[ASSIGNED TASK]
Only the stretch below from the line holding "ぜひぜひ〜オイル、ニンニク、ハーブ、お塩混ぜ混ぜしてオーブンへ❤️" through the line holding "Просторная 3-комн. квартира" should be restated, word for word and with both ends included; pictures stay out.

[SOURCE MATERIAL]
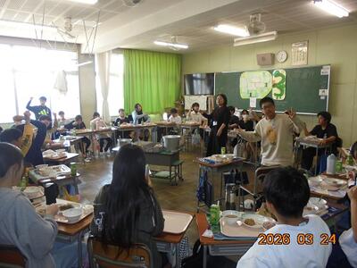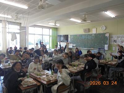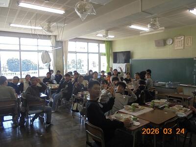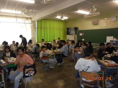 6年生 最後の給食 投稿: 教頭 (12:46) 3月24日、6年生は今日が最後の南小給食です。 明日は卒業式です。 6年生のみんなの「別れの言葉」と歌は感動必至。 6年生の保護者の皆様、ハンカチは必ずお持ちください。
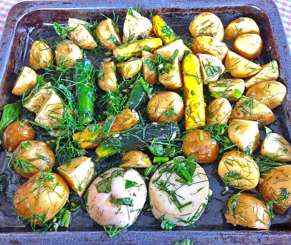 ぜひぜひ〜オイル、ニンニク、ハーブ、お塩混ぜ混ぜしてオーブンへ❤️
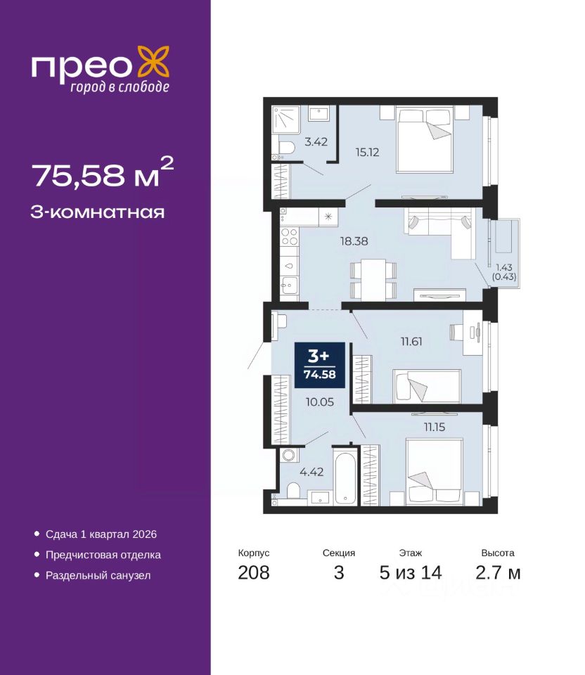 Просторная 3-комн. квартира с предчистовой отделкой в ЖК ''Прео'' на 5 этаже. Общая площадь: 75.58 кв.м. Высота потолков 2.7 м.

==

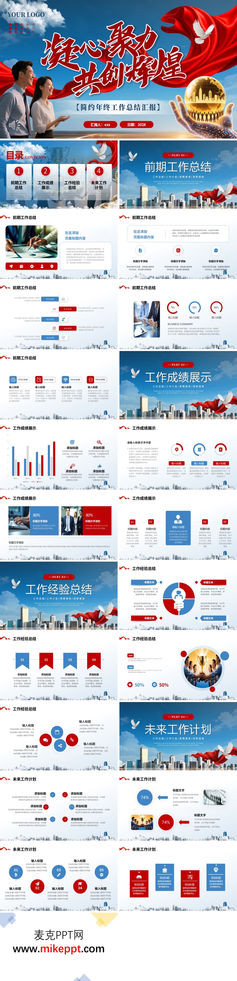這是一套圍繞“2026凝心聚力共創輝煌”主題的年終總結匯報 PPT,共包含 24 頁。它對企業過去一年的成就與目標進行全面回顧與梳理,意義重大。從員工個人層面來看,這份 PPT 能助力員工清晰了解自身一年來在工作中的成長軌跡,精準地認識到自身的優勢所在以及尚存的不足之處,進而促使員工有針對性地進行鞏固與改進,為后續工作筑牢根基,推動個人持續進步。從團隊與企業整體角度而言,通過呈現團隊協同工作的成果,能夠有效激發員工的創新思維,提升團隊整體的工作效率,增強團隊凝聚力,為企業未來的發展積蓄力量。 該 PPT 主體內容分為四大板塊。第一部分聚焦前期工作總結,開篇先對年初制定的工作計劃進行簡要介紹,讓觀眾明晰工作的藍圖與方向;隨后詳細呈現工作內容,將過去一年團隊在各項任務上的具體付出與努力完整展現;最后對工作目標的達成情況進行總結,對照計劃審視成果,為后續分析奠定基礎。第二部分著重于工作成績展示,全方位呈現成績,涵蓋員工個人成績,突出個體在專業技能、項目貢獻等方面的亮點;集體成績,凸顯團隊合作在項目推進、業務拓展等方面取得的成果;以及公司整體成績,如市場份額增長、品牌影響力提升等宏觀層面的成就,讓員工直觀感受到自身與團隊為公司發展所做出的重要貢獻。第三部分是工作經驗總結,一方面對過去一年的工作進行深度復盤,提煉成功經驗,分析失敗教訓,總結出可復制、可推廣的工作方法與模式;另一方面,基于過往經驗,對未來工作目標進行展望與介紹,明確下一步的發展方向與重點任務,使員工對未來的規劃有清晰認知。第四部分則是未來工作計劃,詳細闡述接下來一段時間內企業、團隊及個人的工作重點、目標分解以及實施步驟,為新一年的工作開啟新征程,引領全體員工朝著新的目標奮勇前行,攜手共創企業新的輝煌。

==

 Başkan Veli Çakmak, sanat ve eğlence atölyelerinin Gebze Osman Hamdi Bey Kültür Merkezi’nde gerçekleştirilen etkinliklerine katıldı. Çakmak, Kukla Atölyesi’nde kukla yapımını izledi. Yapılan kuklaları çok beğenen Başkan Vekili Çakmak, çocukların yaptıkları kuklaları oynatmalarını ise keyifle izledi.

[RESPONSE BELOW]
 ぜひぜひ〜オイル、ニンニク、ハーブ、お塩混ぜ混ぜしてオーブンへ❤️
 Просторная 3-комн. квартира с предчистовой отделкой в ЖК ''Прео'' на 5 этаже. Общая площадь: 75.58 кв.м. Высота потолков 2.7 м.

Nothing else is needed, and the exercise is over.